Here are some of the key differences between then and now:
* Accountants who worked pre-QB never have to stop and think “does this account need to be debited or credited”…It’s second nature even though our use of adjusting journal entries has been reduced by 99% due to computerized software.
* There is less clutter on the desk today. My desk in ’93 had six posting trays, an adding machine and a typewriter.
* An pre-QB accountant’s best friend was his 10-key. In order to get the $6/hr clerical job I needed to add a page of telephone numbers from a random page in the phone book with 100% accuracy. I would go through 2 add rolls in an 8 hour shift.
* There was so much more paper consumed in the pre-QB days. Today I’m virtually paperless and have empty file cabinets. Back then we had over 500 banker boxes with old records covering 8 years.
* Technology was expensive back then. My typewriter cost $500 and when it broke we’d call in a repairman. The fax machine was $1200 and the copier was leased at $300/month. Those were big bucks back then for a small biz.
* When we converted to accounting software it was expensive. We used Realworld (eventually bought out by Great Plains) since we had literally 1000s of parts but it cost $15,000 to purchase, install and train. Two PCs connected to a central server was another $7,000. Monitors were green and black and there was no mouse attached. We did have a nice dot-matrix printer (we didn’t get a laser printer until 2000).
Today I can’t imagine going back to the old way. I print an invoice in QB in less than a minute and all the posting is done behind the scenes. Need an aging? Two clicks of the mouse and it’s done. But I still love my 10-key and my clients are still dazzled when they give me a pile of untotaled receipts and my fingers fly like it’s 1993 all over again!
Dave
PS I still keep an old telephone book in my office. A few times a year when I’m really stressed I’ll add up the phone numbers for fun. Makes me feel 23 again!
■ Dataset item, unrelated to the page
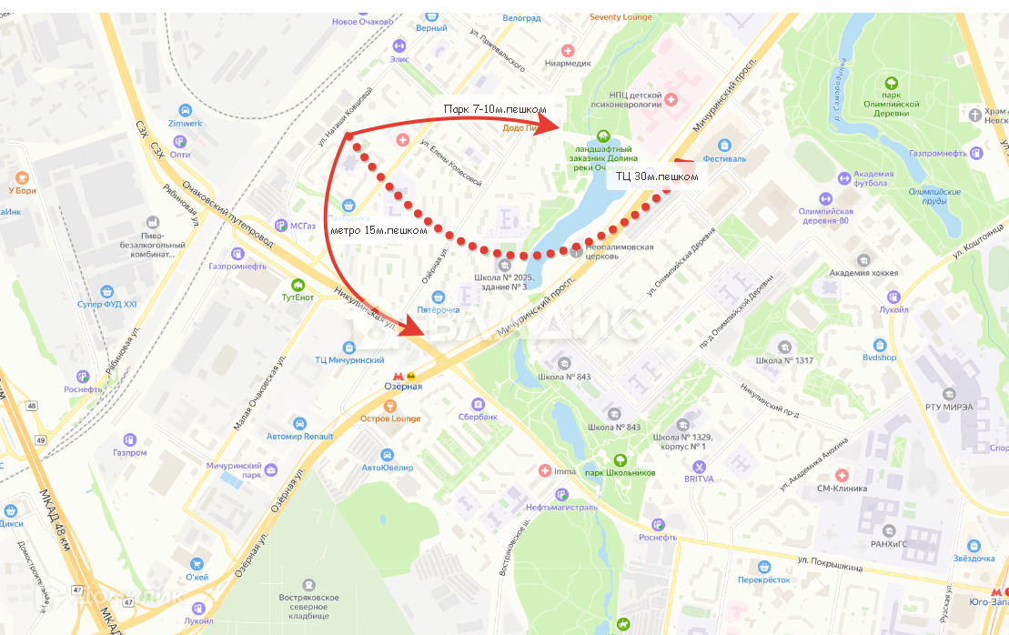 Престижный район на западе Москвы, район Очаково-Матвеевское, в пешей доступности - м. Озёрная и ст. Очаково (осенью МЦД-4) .

Dave – I’m glad to see you’re still out here in the blog-o-spere! And I don’t think you’re old. 🙂
I still love my 10-key also. But paperless is the way to go.
I think all that’s changed from the “olden days” is the set of problems. Back then there was all the paper and the costs and cumbersome equipment. Today it’s cleaning up the books, and keeping pace with changes in technology.
Back in the day people would use these things called Dome Books, which did not require double entry. We called them Dumb books. If somebody actually followed the instructions it was pretty good, but I only saw one person who did. When Quicken first came out it was a nightmare, but Quickbooks was a huge improvement.
I had one client — note the past tense — who used Quicken for a business with hundreds of thousands of dollars of revenue and a huge amount of cost of goods sold. Needless to say, it wasn’t pretty.